English body (content_en)

  1. Translate the full article as a coherent whole (not fragmented line-by-line output).
  2. Preserve render-safe Markdown structure:
    • heading hierarchy
    • list nesting
    • code fence boundaries
    • inline code syntax
    • links/images syntax
    • table syntax (row/column structure)
  3. Do not change executable code logic.
  4. It is allowed (and recommended) to translate comments inside code blocks into English.
  5. Do not change link/image target URLs.
  6. Keep headings, list levels, tables, and fenced blocks structurally equivalent to the source.
  7. Keep formulas and technical symbols intact.

Bilingual summary (detailed_summary)

  1. Produce zh/en via article-summary-architect reasoning.
  2. Each language must contain:
    • one natural opening sentence
    • 3-5 ### sections
    • 2-4 concise bullets per section
  3. Do not paste raw table markdown into summary bullets.
  4. zh/en must be semantically aligned and evidence-grounded (no fabricated claims).
  5. Keep summaries scannable and content-specific; avoid empty template phrases.

Recommended Workflow (Single Article)

Step 1. Prepare minimal workspace

  • Resolve target article id/file.
  • Create tmp/article_translate/<article_id>/.
  • Back up current row and key fields before overwrite.

Step 2. Generate content directly

  • Produce in one coherent pass:
    • content_en
    • detailed_summary_zh
    • detailed_summary_en
  • Prefer article-level translation, not sentence-by-sentence conversion.

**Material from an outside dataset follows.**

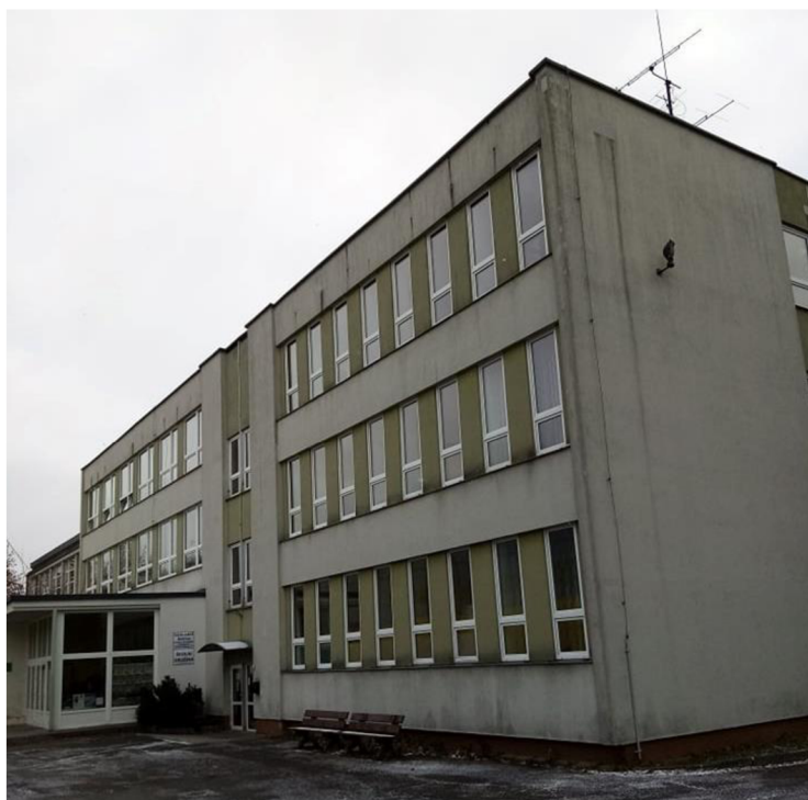
Obr. 3. Nový školní pavilon

Dívčí škola , později Komenského a dnes Javornická , Rychnov nad Kněžnou, sídlila v budově, jejíž základní kámen byl položen 22. května 1881, vysvěcena byla roku 1882. Vyučovalo se ale také v chudobinci. V roce 1913 navštěvovalo obecnou dívčí školu 276 dívek a měšťanskou školu 205 žákyň. 65 V roce 2000 přesídlila do nové budovy na Javornické ulici a nyní využívá obě budovy. Má menší halu, dvě tělocvičny, speciální venkovní hřiště, specializované učebny chemie, fyziky, výtvarné výchovy, hudební výchovy, zeměpisu, jazykovou učebnu, učebnu informatiky, venkovní environmentální učebnu, dílnu, cvičnou kuchyni, zahradu s přípravnou, školní družinu, školní jídelnu, žákovskou knihovnu a keramickou dílnu. Pořádá také mnoho akcí pro děti, žáky i rodiče i pro širokou veřejnost, jako vánoční jarmark, projektové dny Den země, Den her, Den bez rozvrhu a další. Žáci se zúčastňují olympiád, vědomostních soutěží. Škola pořádá lyžařské, cyklistické, turistické a vodácké kurzy, také sběrové akce a vydává školní časopis. 66

Step 3. Lightweight structure checks

  • Source vs translation:
    • same fenced-code block count
    • same Mermaid block count (if present)
    • same table block count and compatible column shape
    • same link/image target URLs
  • Summary checks:
    • both languages include opening sentence + ### sections + bullets
    • no table-markdown pollution in bullets

Step 4. Write back to LanceDB

  • Update only:
    • articles.content_en
    • articles.detailed_summary (JSON with zh and en)
  • Never mutate unrelated fields (title, content, tags, category, date, etc.).

Step 5. Verify after write-back

  • Re-read the target article.
  • Confirm:
    • content_en is non-empty and render-safe
    • detailed_summary.zh/en exists and is valid JSON structure

LanceDB Write-back Example (sf-cli)

Use the built-in CLI command to update one article from files:

bash
<cli> db --db-path <db_path> update-article-bilingual \
  --id <article_id> \
  --content-en-file tmp/content_en.md \
  --summary-zh-file tmp/detailed_summary_zh.md \
  --summary-en-file tmp/detailed_summary_en.md

You can also update only one side:

bash
# only content_en
<cli> db --db-path <db_path> update-article-bilingual \
  --id <article_id> \
  --content-en-file tmp/content_en.md

# only detailed_summary.zh/en
<cli> db --db-path <db_path> update-article-bilingual \
  --id <article_id> \
  --summary-zh-file tmp/detailed_summary_zh.md \
  --summary-en-file tmp/detailed_summary_en.md

Suggested tmp Layout

Use tmp/article_translate/<article_id>/ and keep artifacts local:

  • row_backup.json
  • source_zh.md
  • old_content_en.md
  • old_detailed_summary_raw.txt
  • content_en.md
  • detailed_summary_zh.md
  • detailed_summary_en.md
  • after_update.json

Output Report Requirements

Always report:

  1. Target article id.
  2. Whether content_en was regenerated.
  3. Whether detailed_summary.zh/en was regenerated.
  4. Structure validation result (tables/code fences/links).
  5. Write-back status and version (if available).
  6. Backup artifact paths under tmp/.
  7. Whether generation followed LLM-native direct mode.

Failure and Rollback

  1. If structure checks fail: do not write back; fix first.
  2. If write-back fails: keep tmp artifacts and output reproducible commands.
  3. If post-write quality is unsatisfactory: restore from backups via the same workflow.
  4. If source content is missing from context and DB lookup fails, stop and request a resolvable article id/path.